Google llc (20240135934). EVALUATION-BASED SPEAKER CHANGE DETECTION EVALUATION METRICS simplified abstract

From WikiPatents
Jump to navigation Jump to search

EVALUATION-BASED SPEAKER CHANGE DETECTION EVALUATION METRICS

Organization Name

google llc

Inventor(s)

Guanlong Zhao of Long Island City NY (US)

Quan Wang of Hoboken NJ (US)

Han Lu of Redmond WA (US)

Yiling Huang of Edgewater NJ (US)

Jason Pelecanos of Mountain View CA (US)

EVALUATION-BASED SPEAKER CHANGE DETECTION EVALUATION METRICS - A simplified explanation of the abstract

This abstract first appeared for US patent application 20240135934 titled 'EVALUATION-BASED SPEAKER CHANGE DETECTION EVALUATION METRICS

Simplified Explanation

The method described in the abstract involves training a model to predict speaker changes in audio data with multiple speakers.

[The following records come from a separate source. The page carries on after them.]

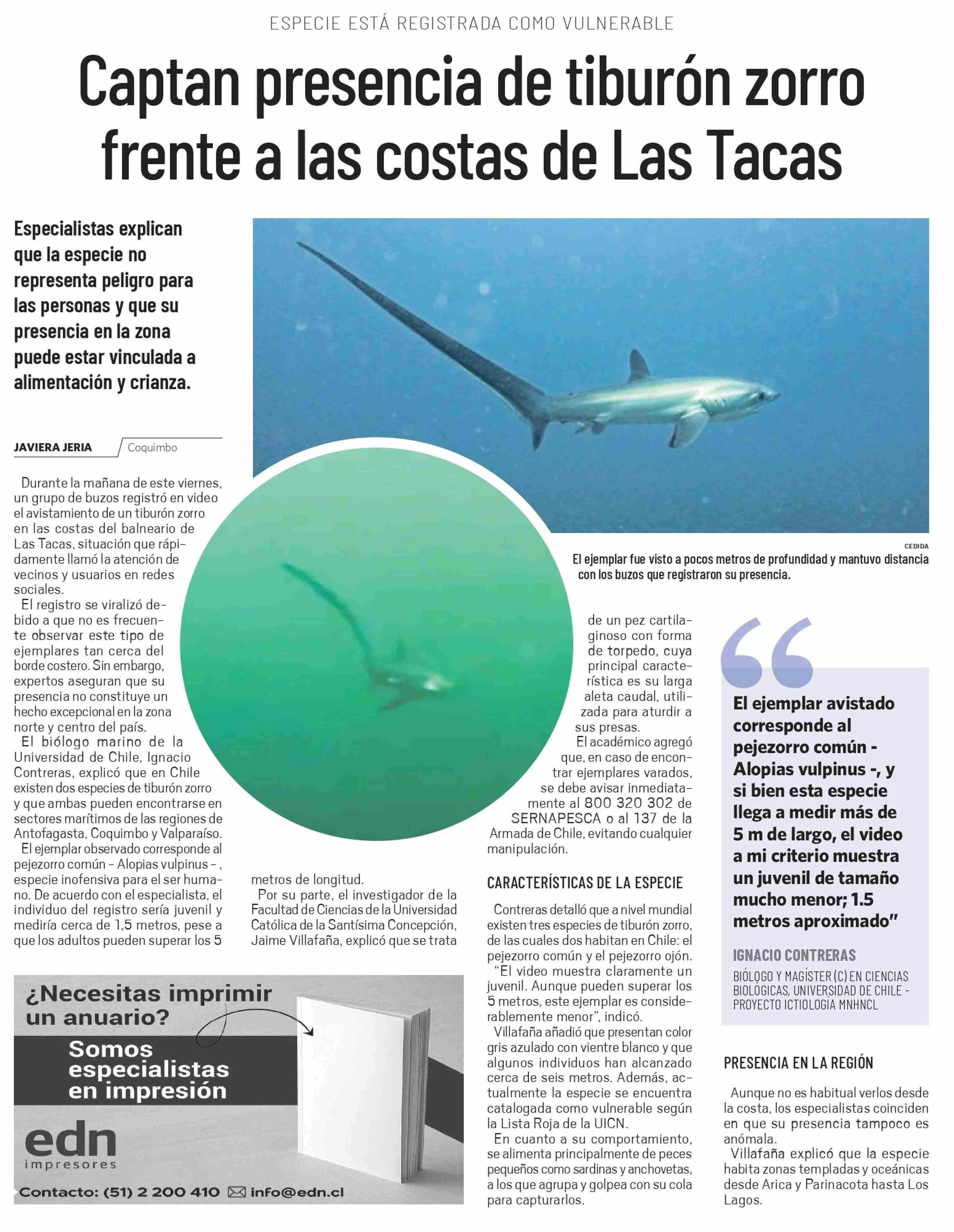 Captan presencia de tiburón zorro frente a las costas de Las Tacas
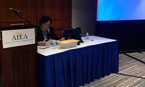2018 жылы Халықаралық ынтымақтастық департаментінің Директоры Әлия Бақытқанқызы Қаймолдинова мен Тәжірибе трансляция офисінің үйлестірушы Мадина Несипказиевна Айтаканова AIEA Conference конференциясына қатысып, сессиялардың бірінде «Alliances under the Belt and Road Initiative: University Partnerships between China and Kazakhstan» атты көрсетілім жасады.
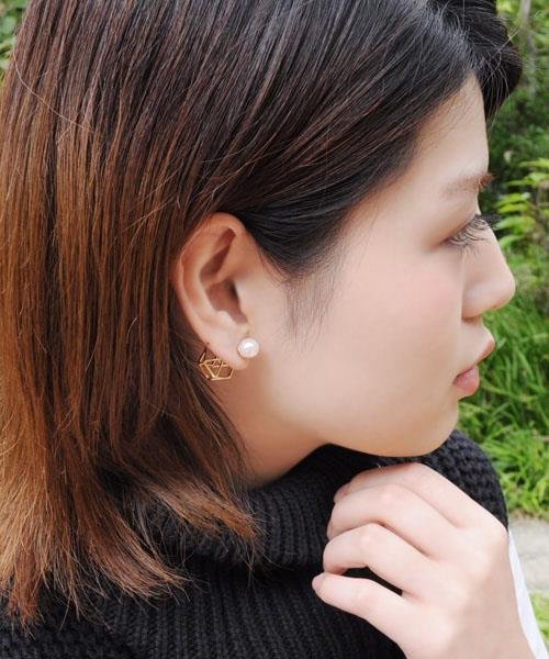 メタルラインで模った、多角形のキャッチが個性的なバックキャッチのピアス。角度によっていろんな表情を見せてくれます。前後を逆にしたり、ほかのピアスと組み合わせることもできるのでコーデの幅も広がります。
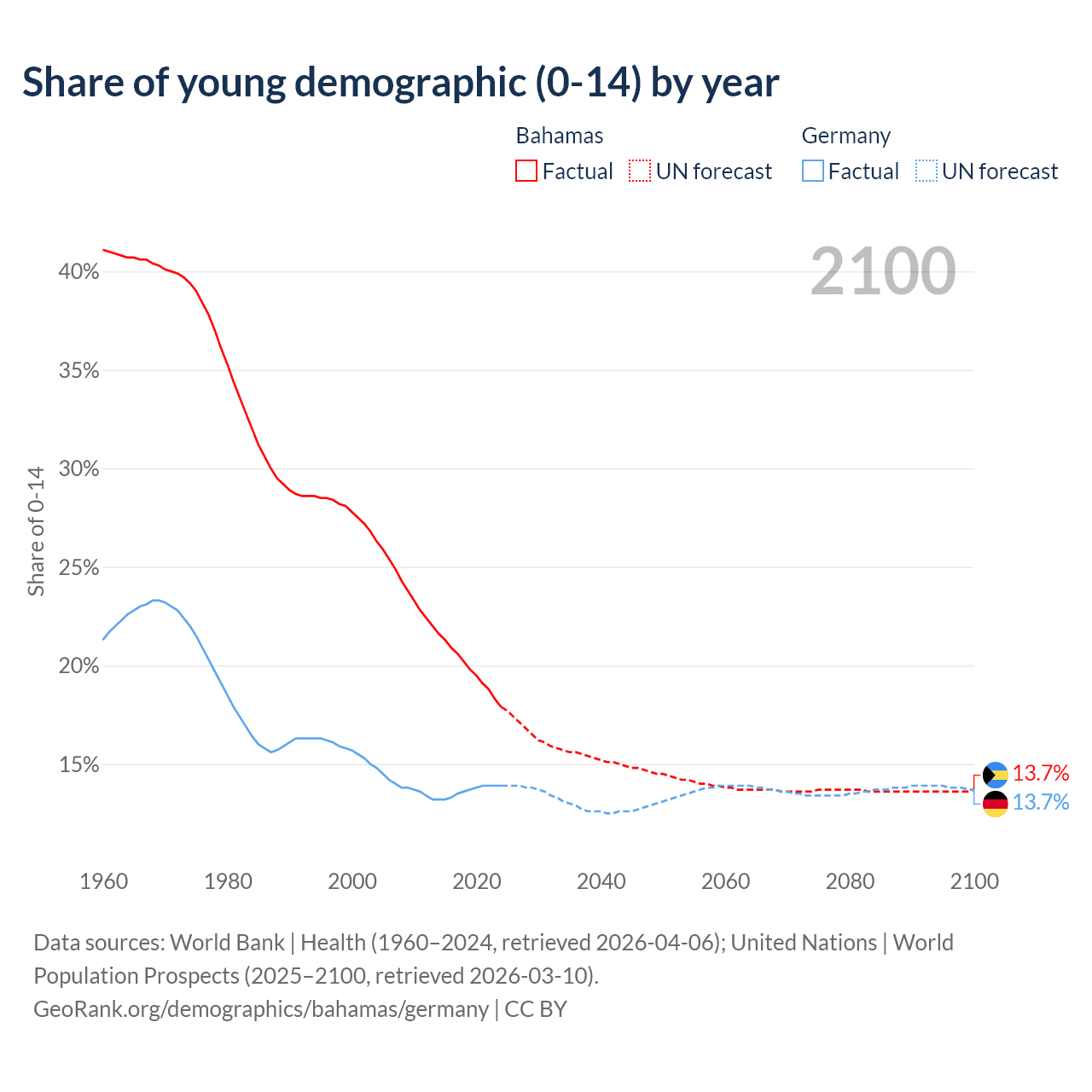 - The share of young demographic (0-15 years old) in the Bahamas is 17.9% vs 13.9% in Germany.
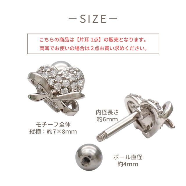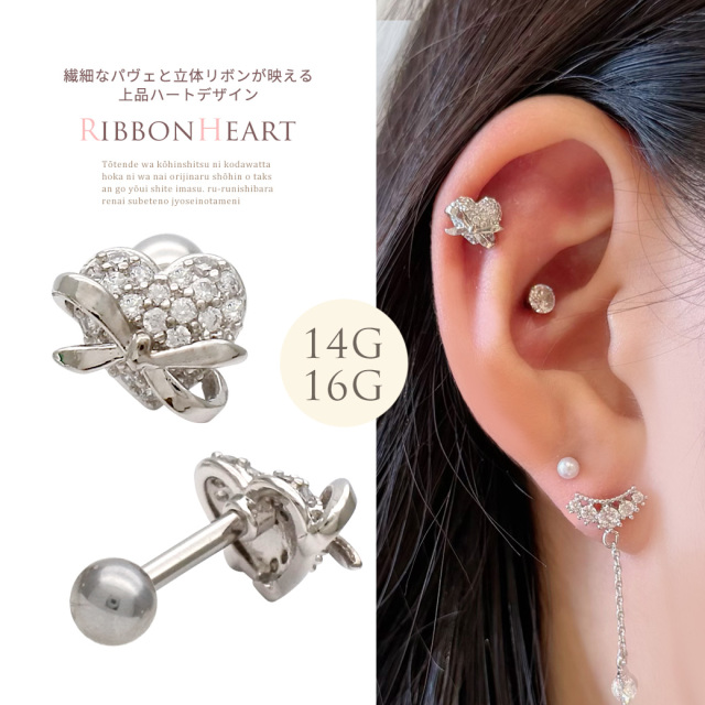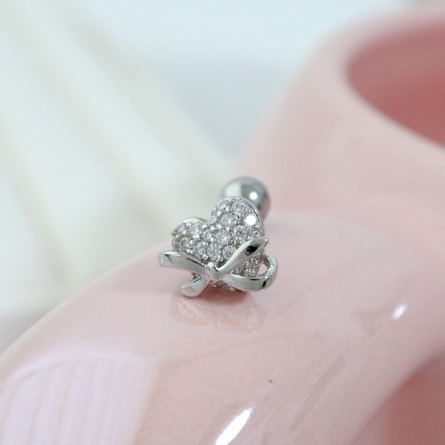 [14G 16G ]繊細なパヴェ と立体リボン が映える上品ハート デザイン ストレート 軟骨ピアス ヘリックス ボディピアス 1082

Here is a simplified explanation of the abstract:

  • Obtain a training sample with audio data from multiple speakers and ground-truth speaker change intervals.
  • Process the audio data to predict speaker changes using a sequence transduction model.
  • Label predicted speaker change tokens as correct if they overlap with ground-truth intervals.
  • Determine precision metric based on correct predictions.

Potential Applications

This technology could be applied in various fields such as speech recognition, speaker diarization, and audio transcription.

Problems Solved

This technology helps in accurately detecting speaker changes in audio data with multiple speakers, improving the performance of speech processing systems.

Benefits

- Enhanced accuracy in identifying speaker changes - Improved performance of speech recognition systems - Efficient processing of multi-utterance audio data

Potential Commercial Applications

"Speaker Change Detection Technology for Enhanced Speech Processing Systems"

Possible Prior Art

One possible prior art could be traditional speaker diarization methods that may not be as accurate or efficient in handling multi-utterance audio data with multiple speakers.

Unanswered Questions

How does the model handle overlapping speech between speakers?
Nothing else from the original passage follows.